───── Task data
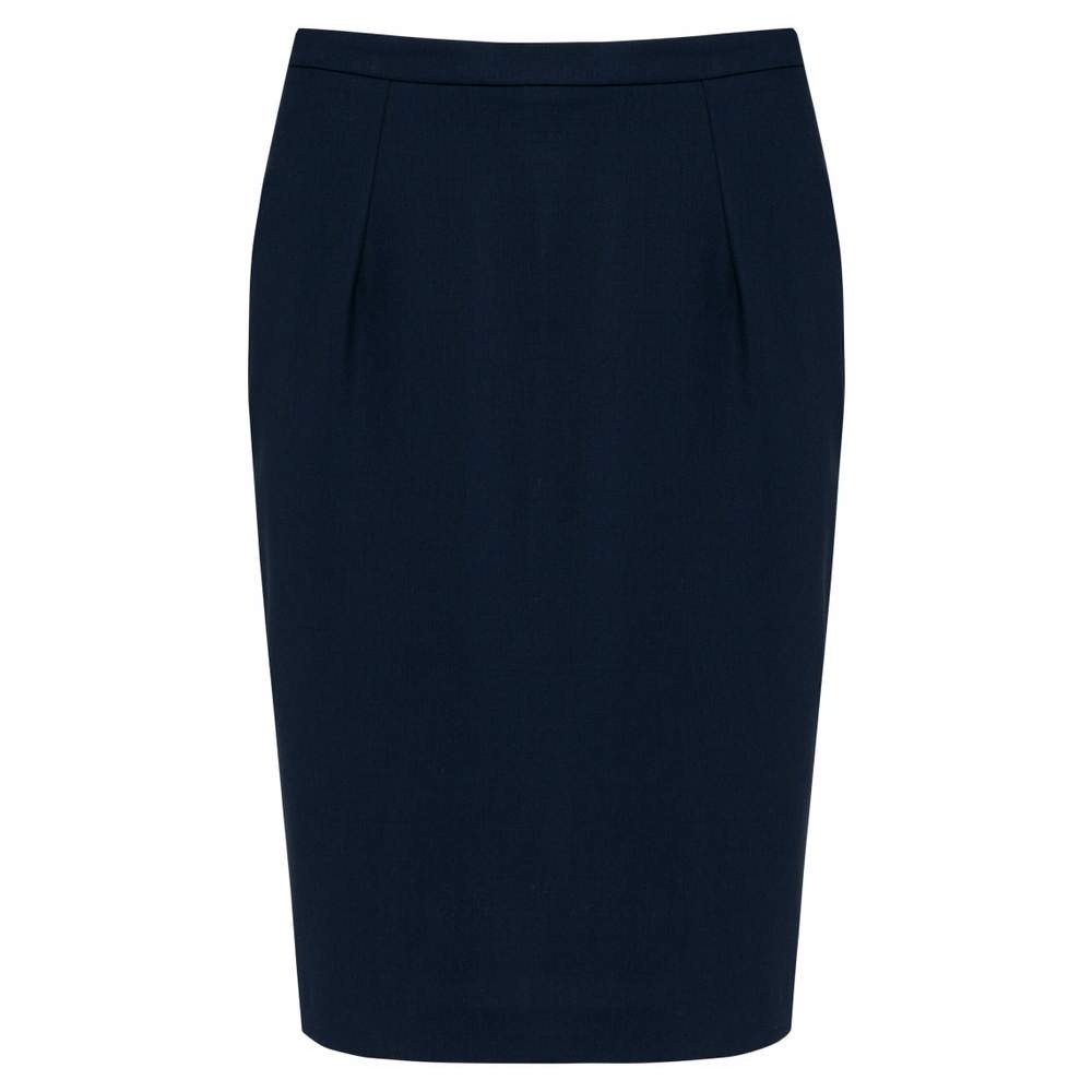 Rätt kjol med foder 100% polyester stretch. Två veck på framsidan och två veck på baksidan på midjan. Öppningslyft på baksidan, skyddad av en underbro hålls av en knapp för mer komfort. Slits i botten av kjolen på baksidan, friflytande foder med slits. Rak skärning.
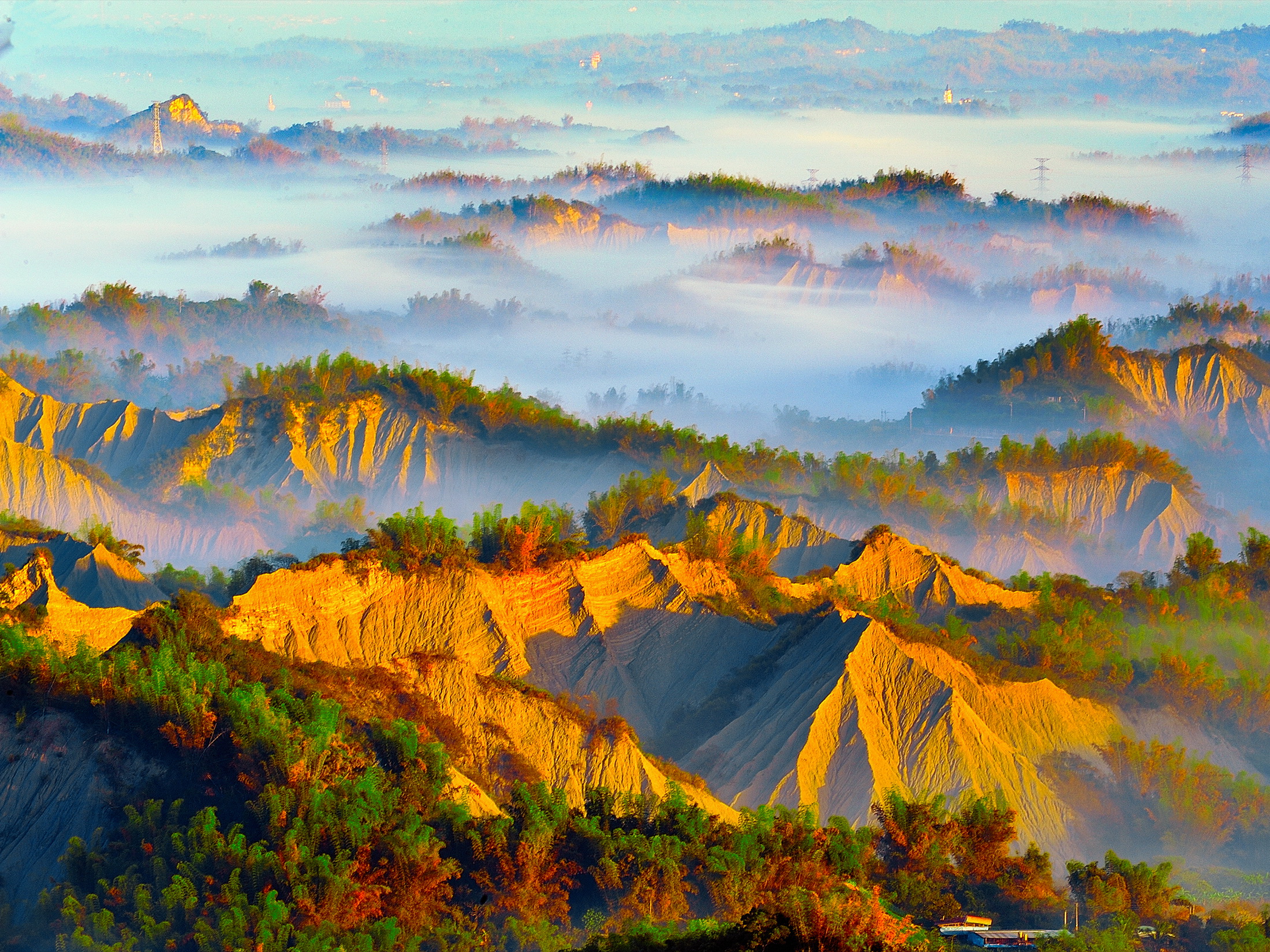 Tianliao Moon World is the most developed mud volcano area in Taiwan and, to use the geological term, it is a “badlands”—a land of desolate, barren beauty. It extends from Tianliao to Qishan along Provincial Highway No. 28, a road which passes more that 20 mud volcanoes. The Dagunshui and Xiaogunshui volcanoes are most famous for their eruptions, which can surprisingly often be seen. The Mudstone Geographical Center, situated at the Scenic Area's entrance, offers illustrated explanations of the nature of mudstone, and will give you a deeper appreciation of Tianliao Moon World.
──────────
───── Task data
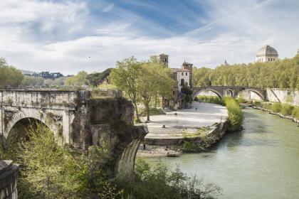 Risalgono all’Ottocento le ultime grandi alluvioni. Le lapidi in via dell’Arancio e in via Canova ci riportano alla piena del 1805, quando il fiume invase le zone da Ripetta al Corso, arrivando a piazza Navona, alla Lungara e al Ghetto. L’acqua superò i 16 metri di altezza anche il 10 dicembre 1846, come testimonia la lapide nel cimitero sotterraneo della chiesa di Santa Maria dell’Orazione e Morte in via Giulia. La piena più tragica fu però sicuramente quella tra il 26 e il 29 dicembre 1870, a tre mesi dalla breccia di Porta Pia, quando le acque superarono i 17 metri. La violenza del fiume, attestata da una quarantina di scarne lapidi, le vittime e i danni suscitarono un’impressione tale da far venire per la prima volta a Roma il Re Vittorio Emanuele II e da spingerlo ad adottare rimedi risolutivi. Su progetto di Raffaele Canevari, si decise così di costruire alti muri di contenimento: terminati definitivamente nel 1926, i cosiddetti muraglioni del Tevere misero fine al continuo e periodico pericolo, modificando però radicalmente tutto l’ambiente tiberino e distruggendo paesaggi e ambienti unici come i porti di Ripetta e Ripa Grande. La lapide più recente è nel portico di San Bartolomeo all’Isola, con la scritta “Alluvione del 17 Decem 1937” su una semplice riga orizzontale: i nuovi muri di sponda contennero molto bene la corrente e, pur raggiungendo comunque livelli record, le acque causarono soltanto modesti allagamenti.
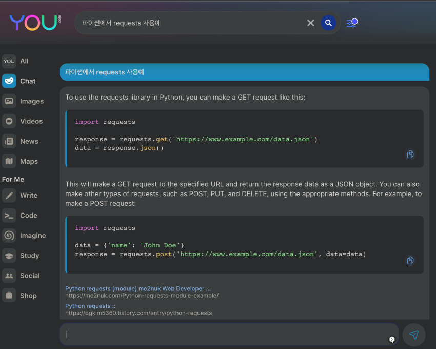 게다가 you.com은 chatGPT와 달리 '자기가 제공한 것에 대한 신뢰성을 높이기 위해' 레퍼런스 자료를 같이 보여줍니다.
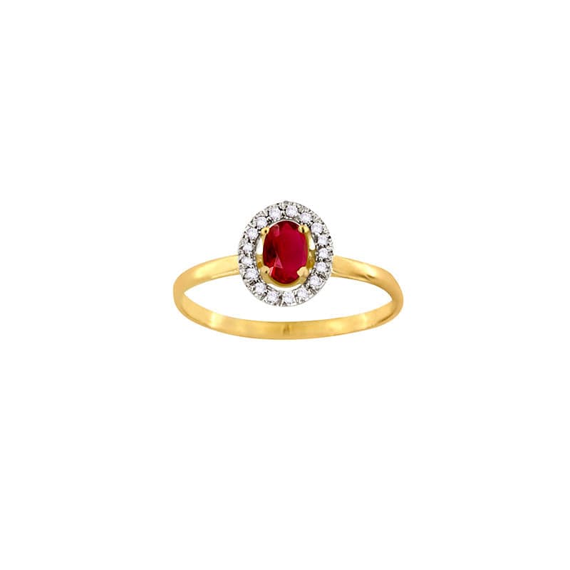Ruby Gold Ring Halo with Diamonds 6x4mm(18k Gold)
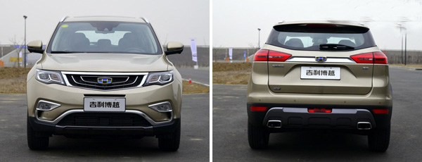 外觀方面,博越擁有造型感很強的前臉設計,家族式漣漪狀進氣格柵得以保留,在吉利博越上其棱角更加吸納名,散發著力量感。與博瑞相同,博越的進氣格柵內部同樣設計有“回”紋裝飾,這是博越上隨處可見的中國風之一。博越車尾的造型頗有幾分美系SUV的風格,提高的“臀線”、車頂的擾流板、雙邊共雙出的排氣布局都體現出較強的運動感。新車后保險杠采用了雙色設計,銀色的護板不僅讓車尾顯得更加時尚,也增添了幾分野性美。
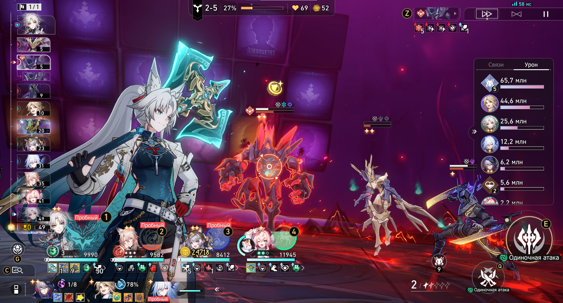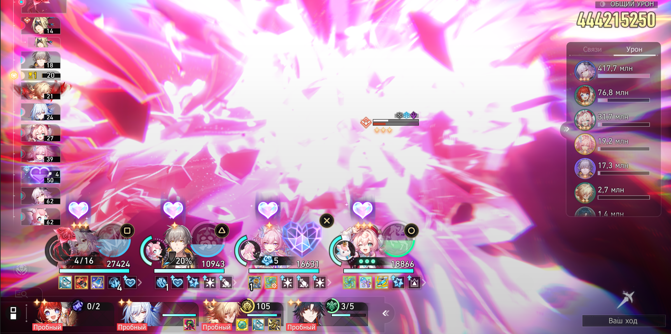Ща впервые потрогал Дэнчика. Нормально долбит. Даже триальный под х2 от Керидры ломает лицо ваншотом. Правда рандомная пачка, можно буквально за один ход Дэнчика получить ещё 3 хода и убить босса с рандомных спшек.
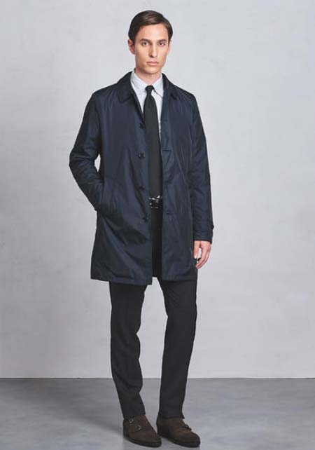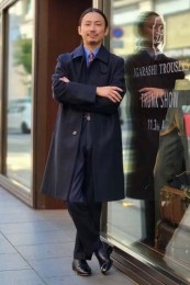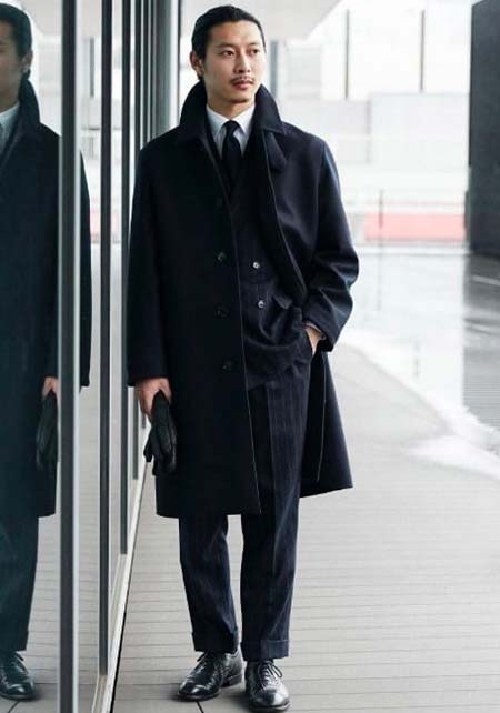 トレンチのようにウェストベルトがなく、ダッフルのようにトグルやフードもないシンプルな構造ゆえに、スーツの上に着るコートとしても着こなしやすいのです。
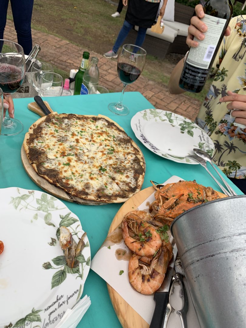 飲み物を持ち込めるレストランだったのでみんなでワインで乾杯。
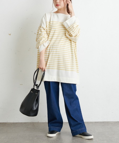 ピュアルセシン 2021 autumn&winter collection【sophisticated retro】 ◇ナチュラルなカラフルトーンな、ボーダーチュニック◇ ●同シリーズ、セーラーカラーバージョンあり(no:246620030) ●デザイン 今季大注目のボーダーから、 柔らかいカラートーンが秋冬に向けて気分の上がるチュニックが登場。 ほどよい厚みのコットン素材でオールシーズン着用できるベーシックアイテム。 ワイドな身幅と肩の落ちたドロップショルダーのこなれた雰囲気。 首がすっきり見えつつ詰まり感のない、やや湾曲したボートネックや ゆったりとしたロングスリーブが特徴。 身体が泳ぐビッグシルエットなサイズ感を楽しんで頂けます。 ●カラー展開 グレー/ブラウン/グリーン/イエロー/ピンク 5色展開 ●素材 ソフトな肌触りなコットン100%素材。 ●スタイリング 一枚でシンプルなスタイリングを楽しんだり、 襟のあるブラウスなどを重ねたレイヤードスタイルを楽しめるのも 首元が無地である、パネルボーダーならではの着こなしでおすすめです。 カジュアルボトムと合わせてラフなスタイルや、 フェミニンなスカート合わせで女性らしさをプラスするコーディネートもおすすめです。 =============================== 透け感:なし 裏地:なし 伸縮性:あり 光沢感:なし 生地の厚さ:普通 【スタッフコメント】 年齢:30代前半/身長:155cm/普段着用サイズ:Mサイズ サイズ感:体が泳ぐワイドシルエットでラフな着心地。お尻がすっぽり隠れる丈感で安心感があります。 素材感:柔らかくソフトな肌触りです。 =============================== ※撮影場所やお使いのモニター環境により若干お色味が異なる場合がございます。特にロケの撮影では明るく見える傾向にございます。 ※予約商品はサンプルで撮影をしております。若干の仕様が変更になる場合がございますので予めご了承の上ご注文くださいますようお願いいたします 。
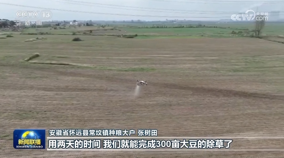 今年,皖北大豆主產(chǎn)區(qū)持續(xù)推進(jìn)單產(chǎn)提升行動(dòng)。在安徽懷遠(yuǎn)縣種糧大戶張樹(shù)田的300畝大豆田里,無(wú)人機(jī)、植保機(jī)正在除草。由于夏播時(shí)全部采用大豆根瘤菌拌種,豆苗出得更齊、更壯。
──────────
_Problem description_: Return exactly the part of the listing above that opens with the line containing "Ruby Gold Ring" and closes with the line containing "トレンチのようにウェストベル". Pictures stay out.

_Solution to the exercise_:
Ruby Gold Ring Halo with Diamonds 6x4mm(18k Gold)
 外觀方面,博越擁有造型感很強的前臉設計,家族式漣漪狀進氣格柵得以保留,在吉利博越上其棱角更加吸納名,散發著力量感。與博瑞相同,博越的進氣格柵內部同樣設計有“回”紋裝飾,這是博越上隨處可見的中國風之一。博越車尾的造型頗有幾分美系SUV的風格,提高的“臀線”、車頂的擾流板、雙邊共雙出的排氣布局都體現出較強的運動感。新車后保險杠采用了雙色設計,銀色的護板不僅讓車尾顯得更加時尚,也增添了幾分野性美。
Ща впервые потрогал Дэнчика. Нормально долбит. Даже триальный под х2 от Керидры ломает лицо ваншотом. Правда рандомная пачка, можно буквально за один ход Дэнчика получить ещё 3 хода и убить босса с рандомных спшек.
 トレンチのようにウェストベルトがなく、ダッフルのようにトグルやフードもないシンプルな構造ゆえに、スーツの上に着るコートとしても着こなしやすいのです。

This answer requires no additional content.